In the domain of data-driven technologies, process mining has acquired a certain prominence in case of process oriented problems. Its capability to discover, analyze and enhance graphical processes in an easy to understand way supposes a new way to provide information to professionals by involving them in the process of generating knowledge. This characteristic is especially valuable in healthcare, were the expert usually has no engineering knowledge and no data science skills. Unlike other data science paradigms, process mining can provide information to the expert about what is actually occurring with their patients, allowing them in a better understanding of the effectiveness of the treatments selected. This facilitates close collaboration between the computer and the experts that might enable the imbrication between the clinical evidence and the professional knowledge that is required in the evidence-based medicine paradigm.
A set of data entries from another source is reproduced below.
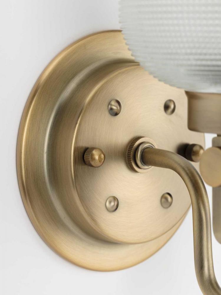 Rejuvenate home décor with the timeless Archie one-light bath. A triplet set of double, prismatic glass shades are held in linear fashion by curved arms outfitted in a Vintage Brass finish. A simple bar, adorned by two vintage-style knobs on both of its ends, affixes the piece to a simple, round backplate. This time-honored fixture makes a lovely addition for eliminating shadows above a bathroom or dressing table mirror, in a hallway, or wherever focused light is desired in farmhouse and transitional interiors.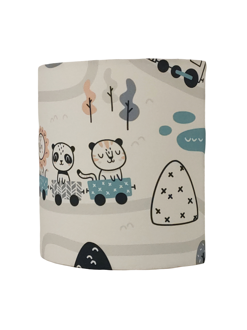 Les Appliques Murales sont réalisées à partir d'une carcasse métallique demi-cylindrique finition peinture époxy blanche recouverte de tissu 100% coton certifié OEKO TEX (sans produit chimique) motifs imprimés le train des animaux de la jungle ( panda - lion - tigre) contrecollé sur un polyphane ignifugé blanc (PVC non inflammable).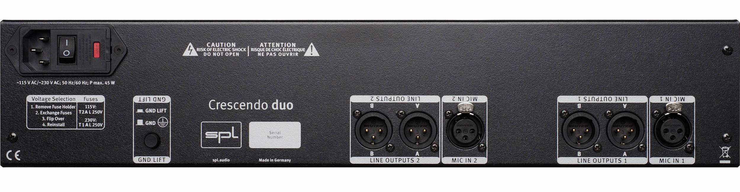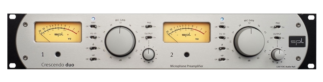 With the Crescendo duo, we are expanding our 120V microphone preamp portfolio with a dual-channel version of the Crescendo.
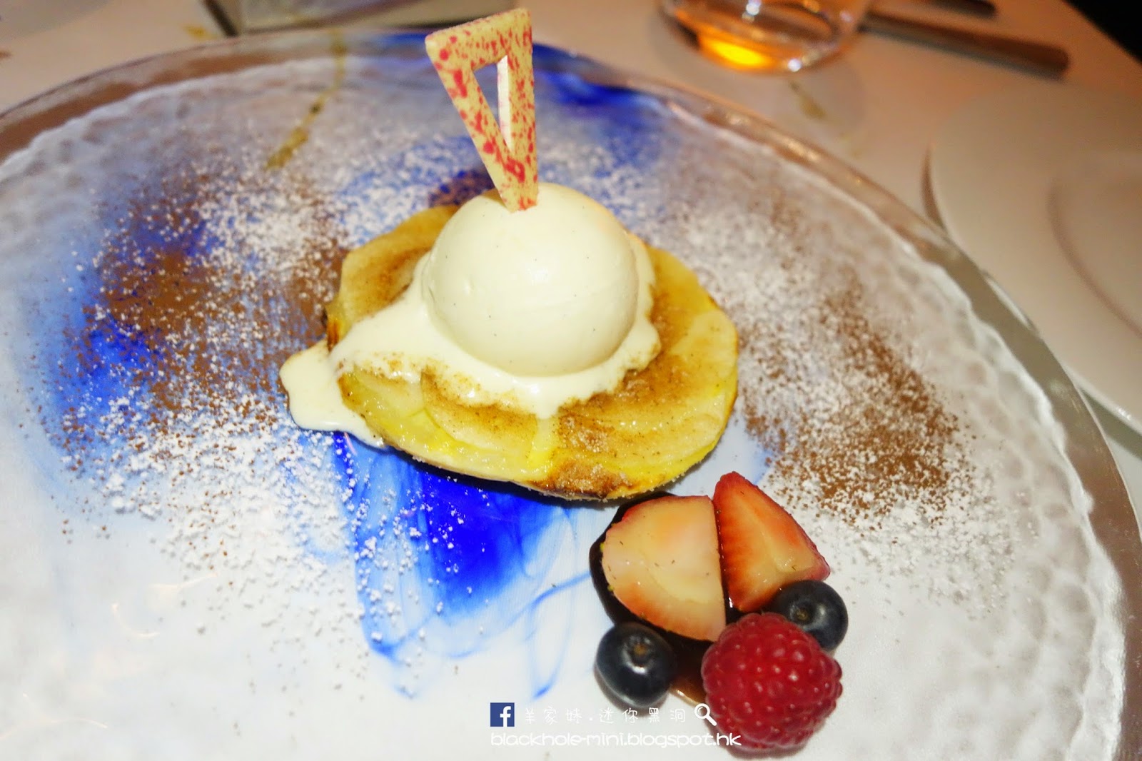Freshly baked sliced apple on filo pastry served with banillia gelato。酥皮焗得很薄很脆,面層鋪滿意大利紅蘋果薄片,口感脆上更脆,再配搭雲呢拿雪糕伴吃,相當美味。
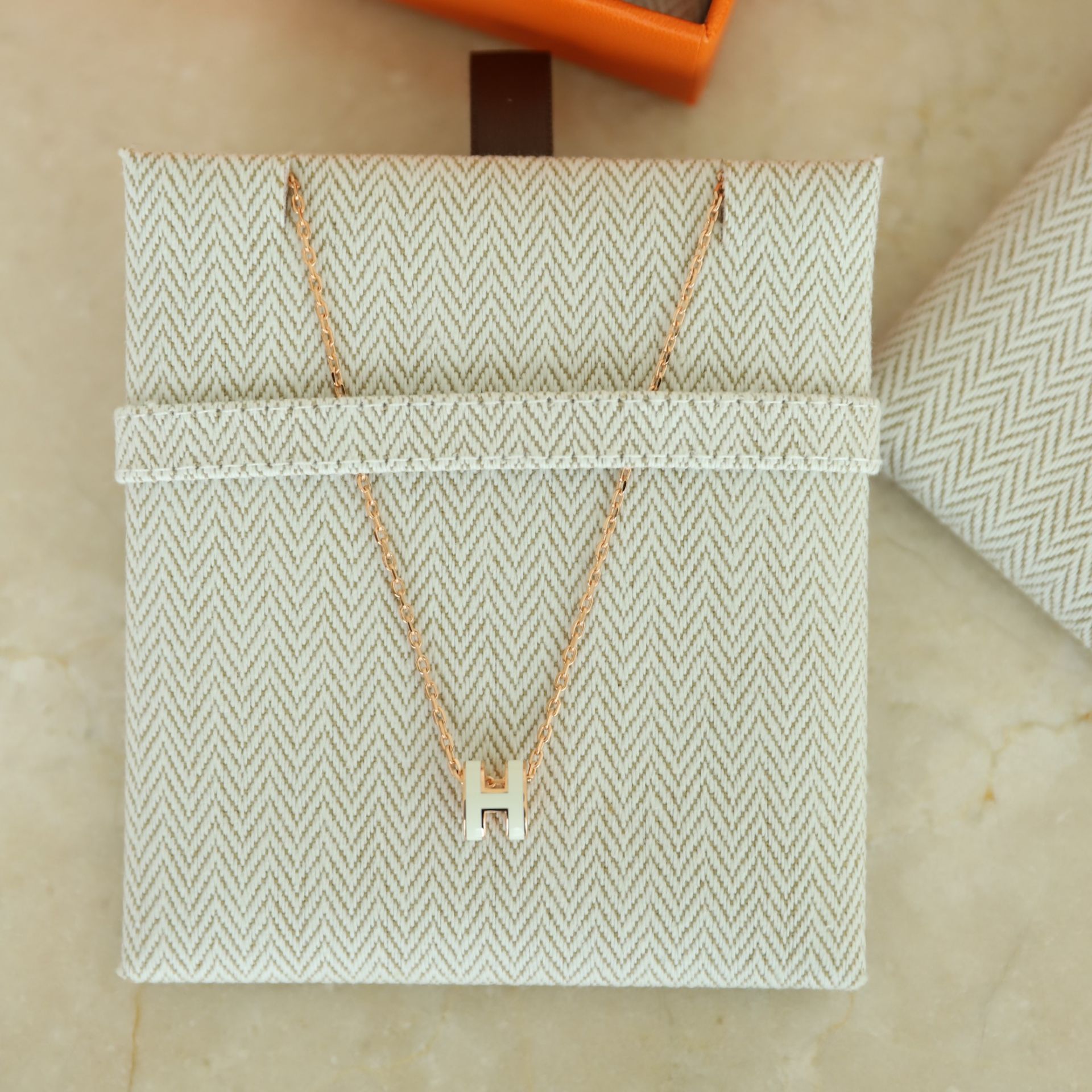 Hermes Mini pop h 白玫瑰金項鍊

However, to ensure the applicability of process mining technologies to the clinical domain, it is necessary to take into account their special characteristics. Selected process mining algorithms, methods and tools should be specifically designed to deal with this highly demanding field. In this chapter, we have analyzed and stated the most important of these specificities. The selection of the best process mining technologies for each specific case is crucial for creating successful deployments of intelligent systems in health centres.